Which of the following patterns of inheritance can skip generations and can
affect individuals with unaffected parents?
A. Autosomal dominant with complete penetrance
B. Autosomal recessive
C. X-linked dominant
D. Mitochondrial inheritance
E. None of the above
B. Autosomal recessive traits skip generations and may ‘catch families unaware’. Assuming a
good degree of penetrance, an autosomal dominant pattern affects all generations. Mitochondrial
diseases will affect all generations but via maternal inheritance. X-linked recessive disorders can
skip generations but not X-linked dominant.
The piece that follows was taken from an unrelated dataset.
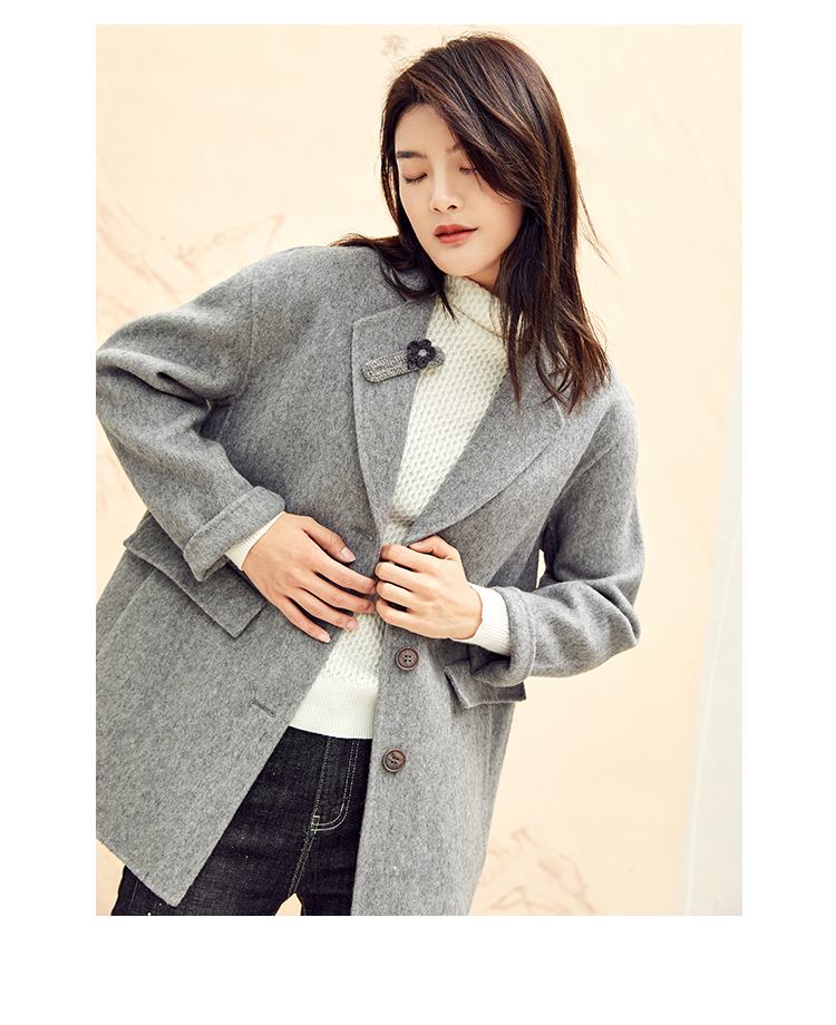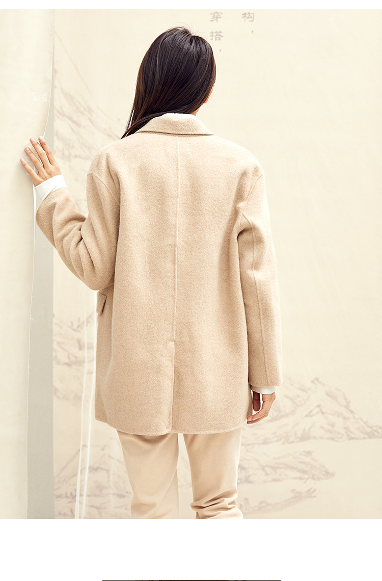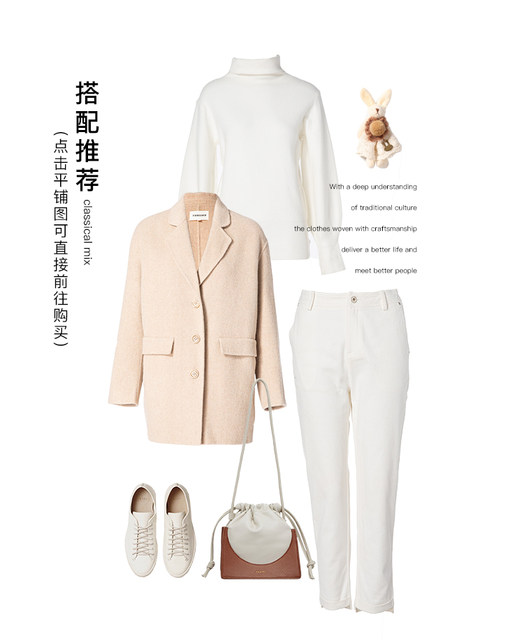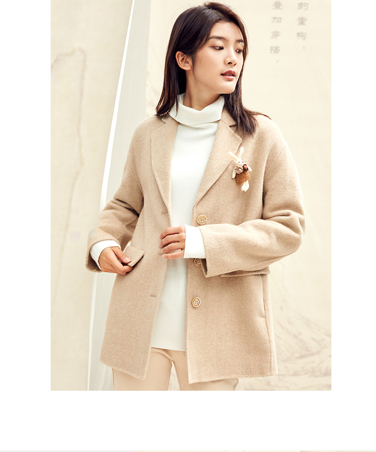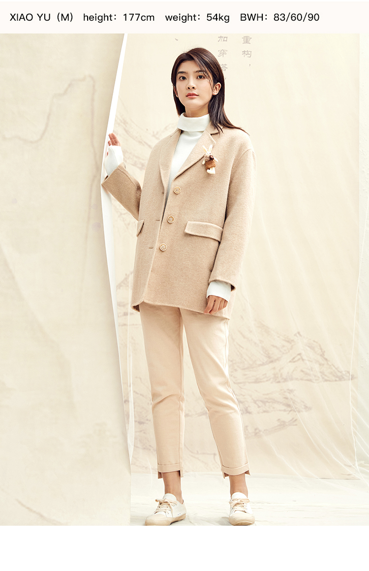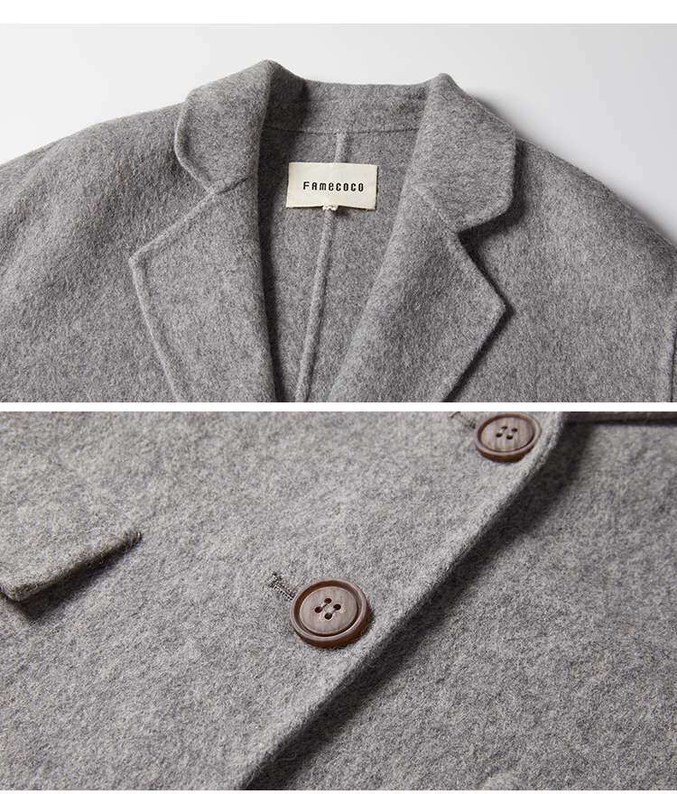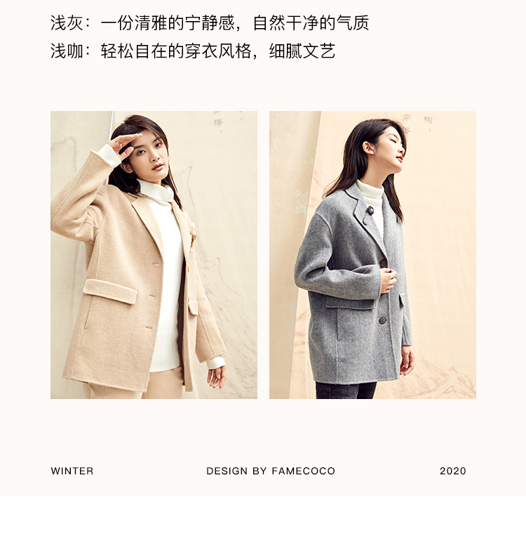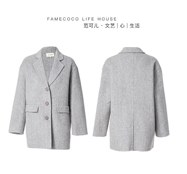 Famecoco范可儿毛呢西装外套秋冬小香风双面呢大衣F198AC122
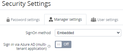 The Sign in via Azure AD (multi-tenant application) toggle is only available if all the Azure Active Directory settings are specified in the global setting of the installation (see Global Settings). See also Configuring access to the Operator Control Panel with Microsoft (Azure AD).

Autosomal recessive diseases are clinically expressed
only in homozygous states. Most commonly, the homozygote is produced by the union of two
heterozygous parents (carriers) who themselves will be unaware of harbouring such an allele.
The recurrence risk in children born to such parents is 25%. If an affected homozygote marries a
heterozygote the recurrence risk is 50%. Consanguinity (union between relatives) increases the
likelihood of inheriting autosomal recessive diseases as related parents may have both inherited
carrier status for the same disease from their common ancestor.